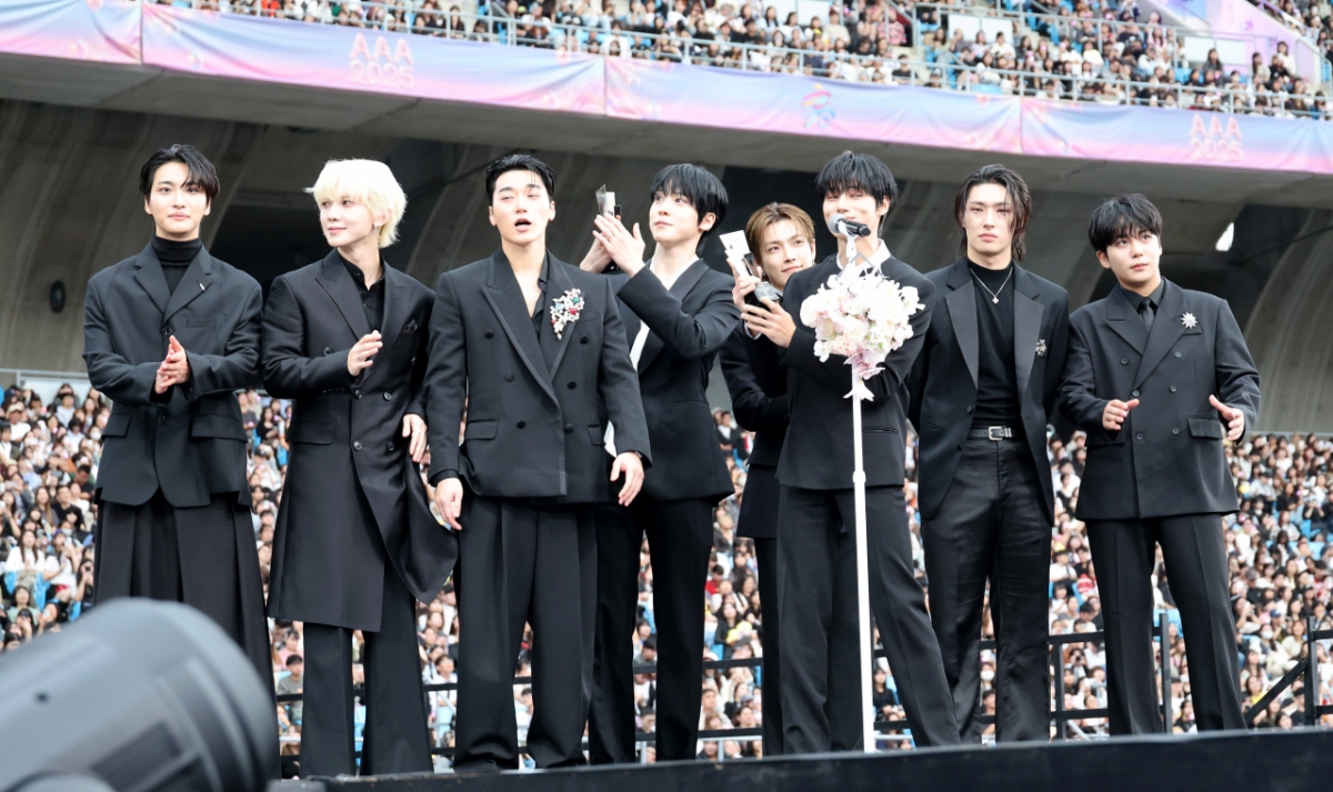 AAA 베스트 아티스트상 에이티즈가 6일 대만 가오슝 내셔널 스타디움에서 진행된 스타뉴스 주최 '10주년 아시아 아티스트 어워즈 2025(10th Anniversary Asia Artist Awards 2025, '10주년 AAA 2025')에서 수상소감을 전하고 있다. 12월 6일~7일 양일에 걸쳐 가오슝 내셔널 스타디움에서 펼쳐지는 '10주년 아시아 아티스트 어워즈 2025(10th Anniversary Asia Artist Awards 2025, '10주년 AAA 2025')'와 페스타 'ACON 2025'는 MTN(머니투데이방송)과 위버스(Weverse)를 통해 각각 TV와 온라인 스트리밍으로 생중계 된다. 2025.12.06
------------------------
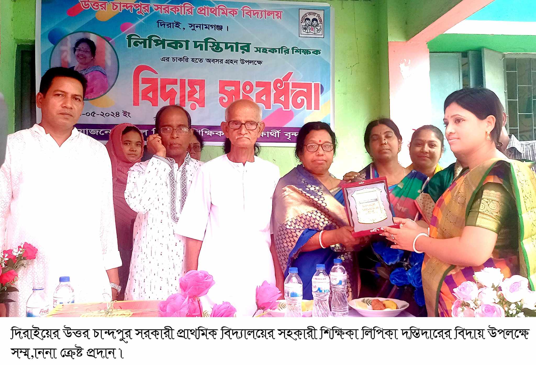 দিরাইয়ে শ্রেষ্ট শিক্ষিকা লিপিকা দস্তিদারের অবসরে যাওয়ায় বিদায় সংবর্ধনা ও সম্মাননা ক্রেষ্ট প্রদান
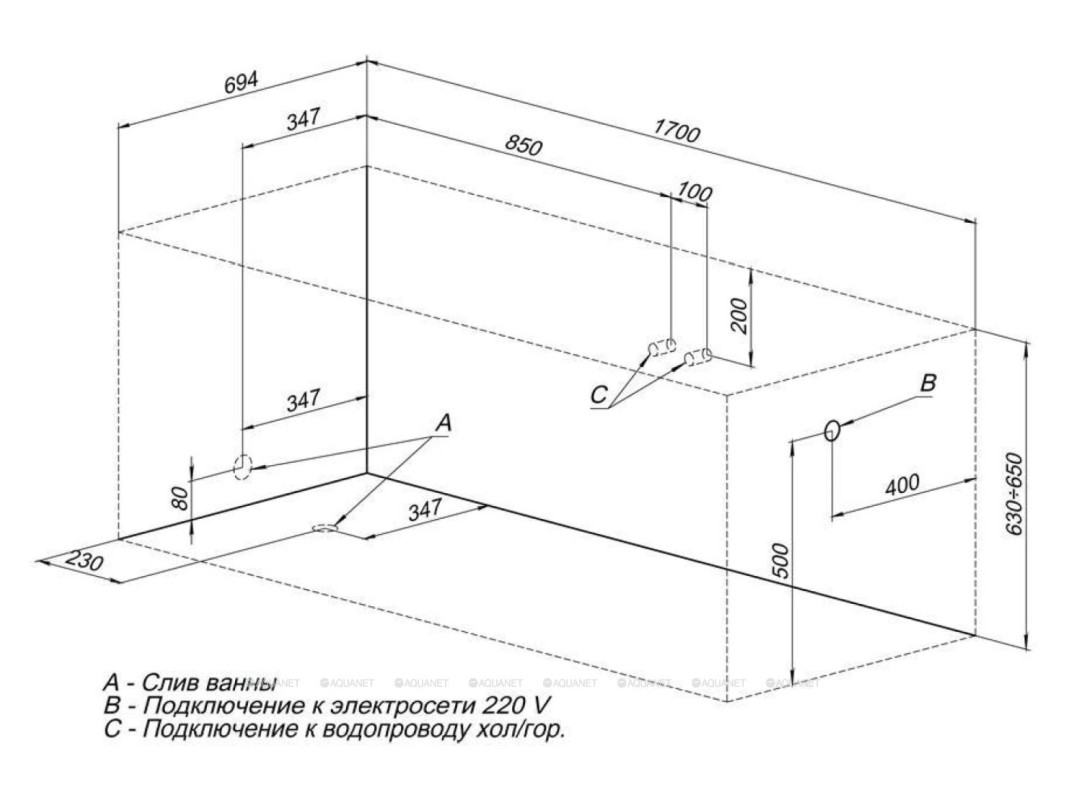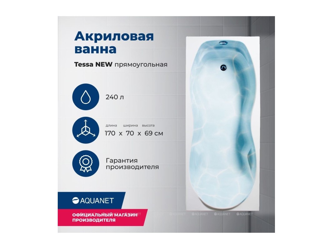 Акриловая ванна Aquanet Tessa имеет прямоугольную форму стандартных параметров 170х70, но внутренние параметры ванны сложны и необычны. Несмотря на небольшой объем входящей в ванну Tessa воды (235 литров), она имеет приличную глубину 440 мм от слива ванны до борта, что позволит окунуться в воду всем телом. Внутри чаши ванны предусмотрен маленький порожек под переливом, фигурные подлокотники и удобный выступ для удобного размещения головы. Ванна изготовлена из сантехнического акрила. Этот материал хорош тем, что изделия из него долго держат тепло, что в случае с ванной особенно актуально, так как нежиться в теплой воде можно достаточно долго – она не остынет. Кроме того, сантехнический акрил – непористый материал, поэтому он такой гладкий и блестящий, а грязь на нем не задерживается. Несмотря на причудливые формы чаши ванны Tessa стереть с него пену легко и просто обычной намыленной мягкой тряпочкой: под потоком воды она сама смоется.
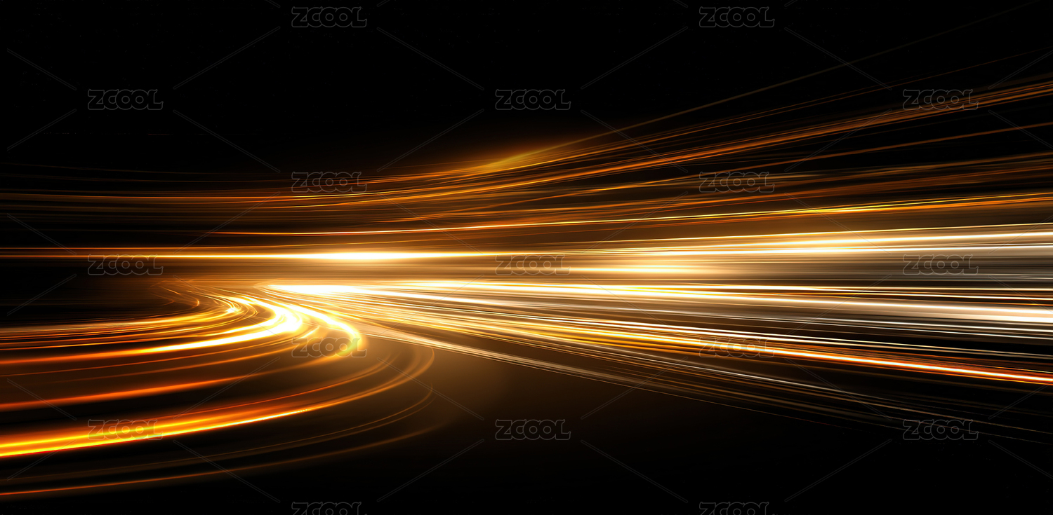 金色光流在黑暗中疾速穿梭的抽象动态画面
------------------------
**Prompt:**
For the entries above, print exactly the lines between the one with "দিরাইয়ে শ্রেষ্ট শিক্ষিকা" and the one with "金色光流在黑暗中疾速穿梭的抽象动态画面", inclusive, with no pictures.

**Answer to this exercise:**
 দিরাইয়ে শ্রেষ্ট শিক্ষিকা লিপিকা দস্তিদারের অবসরে যাওয়ায় বিদায় সংবর্ধনা ও সম্মাননা ক্রেষ্ট প্রদান
 Акриловая ванна Aquanet Tessa имеет прямоугольную форму стандартных параметров 170х70, но внутренние параметры ванны сложны и необычны. Несмотря на небольшой объем входящей в ванну Tessa воды (235 литров), она имеет приличную глубину 440 мм от слива ванны до борта, что позволит окунуться в воду всем телом. Внутри чаши ванны предусмотрен маленький порожек под переливом, фигурные подлокотники и удобный выступ для удобного размещения головы. Ванна изготовлена из сантехнического акрила. Этот материал хорош тем, что изделия из него долго держат тепло, что в случае с ванной особенно актуально, так как нежиться в теплой воде можно достаточно долго – она не остынет. Кроме того, сантехнический акрил – непористый материал, поэтому он такой гладкий и блестящий, а грязь на нем не задерживается. Несмотря на причудливые формы чаши ванны Tessa стереть с него пену легко и просто обычной намыленной мягкой тряпочкой: под потоком воды она сама смоется.
 金色光流在黑暗中疾速穿梭的抽象动态画面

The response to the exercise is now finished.